Dataset:
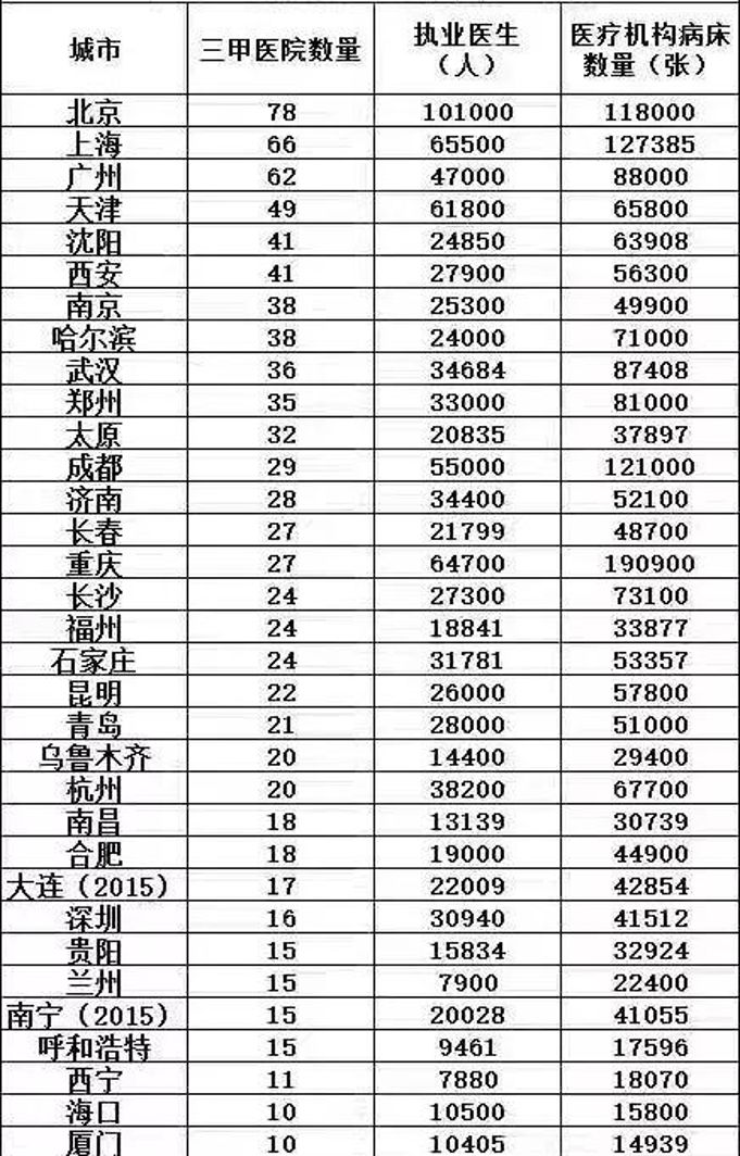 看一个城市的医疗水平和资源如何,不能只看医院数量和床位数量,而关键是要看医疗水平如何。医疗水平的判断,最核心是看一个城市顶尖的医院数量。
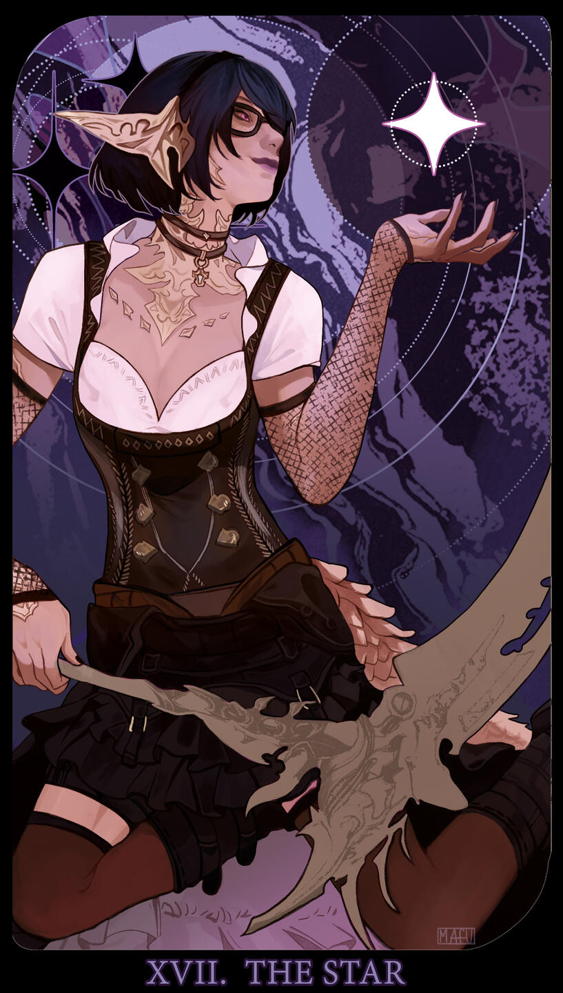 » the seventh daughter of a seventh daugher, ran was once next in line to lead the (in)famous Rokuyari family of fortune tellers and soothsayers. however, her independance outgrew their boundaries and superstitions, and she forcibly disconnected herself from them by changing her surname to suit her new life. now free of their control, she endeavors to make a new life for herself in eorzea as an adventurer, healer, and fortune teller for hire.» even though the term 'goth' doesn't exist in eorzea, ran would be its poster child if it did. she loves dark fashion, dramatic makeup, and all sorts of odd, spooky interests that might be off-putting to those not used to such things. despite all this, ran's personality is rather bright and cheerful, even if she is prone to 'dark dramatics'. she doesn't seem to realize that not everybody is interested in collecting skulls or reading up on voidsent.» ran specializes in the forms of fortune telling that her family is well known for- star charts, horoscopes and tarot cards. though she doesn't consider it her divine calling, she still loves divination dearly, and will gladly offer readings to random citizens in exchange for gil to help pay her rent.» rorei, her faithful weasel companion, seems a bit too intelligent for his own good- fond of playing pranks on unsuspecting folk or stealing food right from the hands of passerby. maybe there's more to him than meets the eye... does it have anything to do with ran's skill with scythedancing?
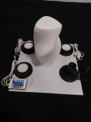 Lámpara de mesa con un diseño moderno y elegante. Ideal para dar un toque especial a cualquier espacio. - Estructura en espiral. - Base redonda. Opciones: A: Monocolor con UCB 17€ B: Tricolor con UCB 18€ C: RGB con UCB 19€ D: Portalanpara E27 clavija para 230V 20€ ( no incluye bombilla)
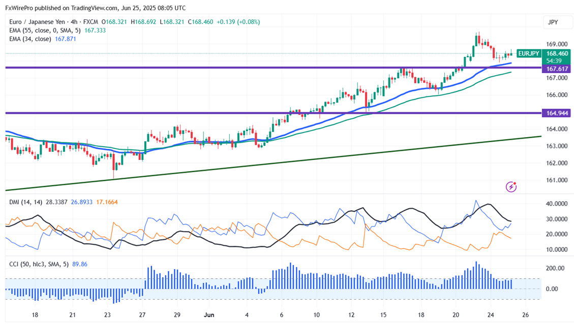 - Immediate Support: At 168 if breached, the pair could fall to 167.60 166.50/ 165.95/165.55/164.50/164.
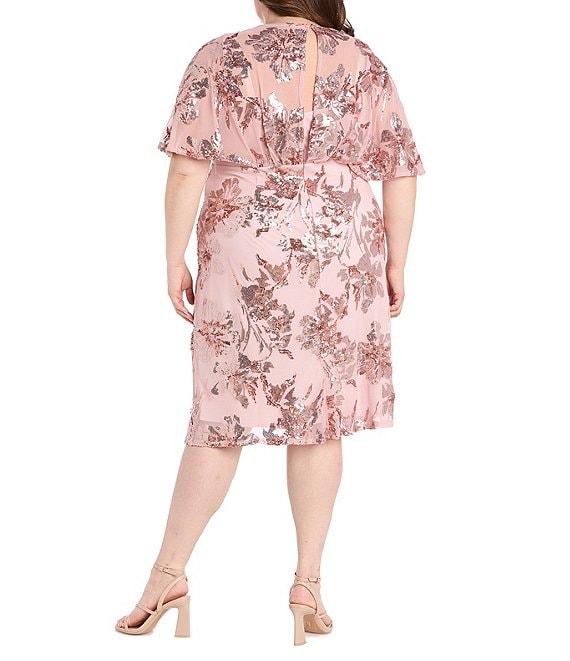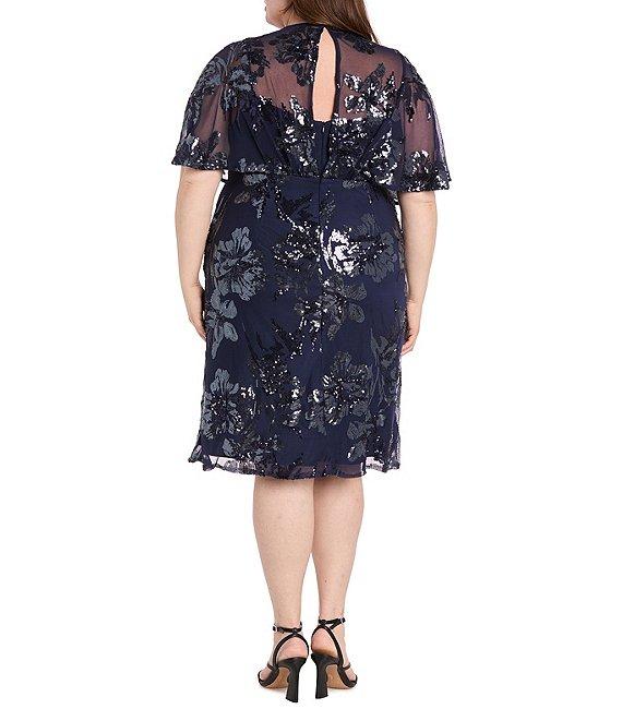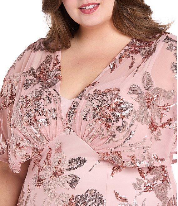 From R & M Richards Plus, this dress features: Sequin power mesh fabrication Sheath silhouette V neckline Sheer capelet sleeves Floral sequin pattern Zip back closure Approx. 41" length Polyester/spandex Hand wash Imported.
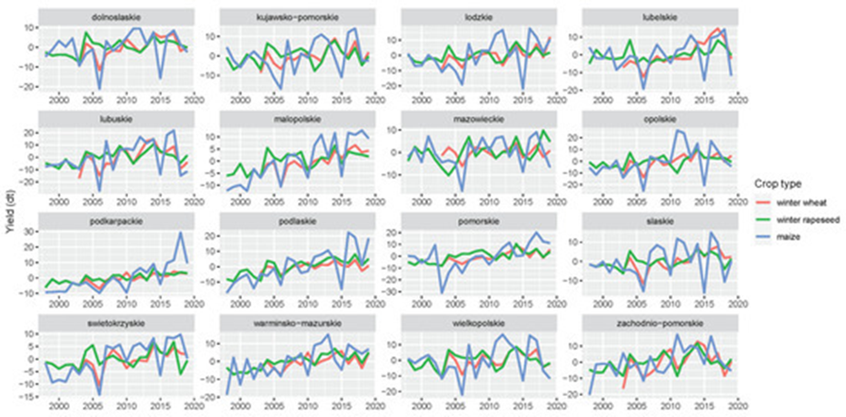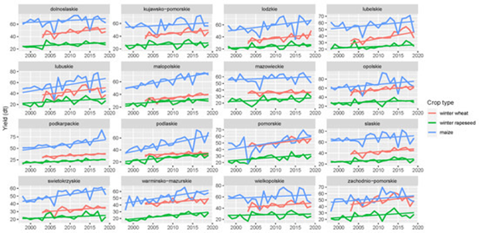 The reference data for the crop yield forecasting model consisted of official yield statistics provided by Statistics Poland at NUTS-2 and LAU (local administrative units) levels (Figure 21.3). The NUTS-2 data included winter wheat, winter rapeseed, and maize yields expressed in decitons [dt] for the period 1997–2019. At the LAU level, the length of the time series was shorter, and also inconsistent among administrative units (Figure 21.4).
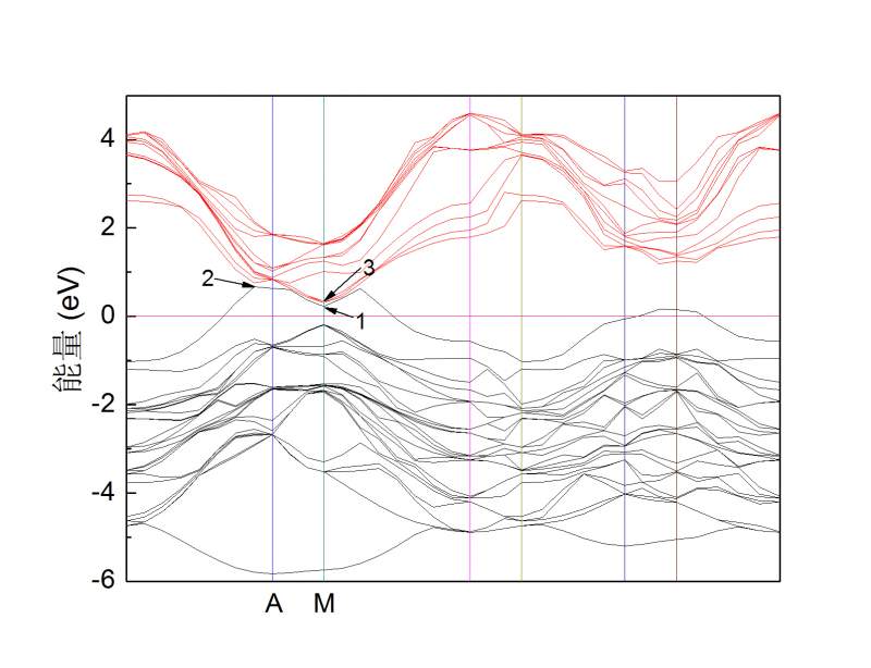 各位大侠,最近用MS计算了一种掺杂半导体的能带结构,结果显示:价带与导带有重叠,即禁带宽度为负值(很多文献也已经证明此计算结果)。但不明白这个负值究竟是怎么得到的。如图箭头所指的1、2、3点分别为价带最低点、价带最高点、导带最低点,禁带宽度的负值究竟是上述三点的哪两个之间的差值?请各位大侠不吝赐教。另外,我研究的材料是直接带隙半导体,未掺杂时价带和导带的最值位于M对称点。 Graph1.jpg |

Exercise aim: Above are some records; quote exactly and only the lines that begin at the line containing "- Immediate Support: At" and stop after the line containing "From R & M Richards", leaving out the pictures.

Response area:
 - Immediate Support: At 168 if breached, the pair could fall to 167.60 166.50/ 165.95/165.55/164.50/164.
 From R & M Richards Plus, this dress features: Sequin power mesh fabrication Sheath silhouette V neckline Sheer capelet sleeves Floral sequin pattern Zip back closure Approx. 41" length Polyester/spandex Hand wash Imported.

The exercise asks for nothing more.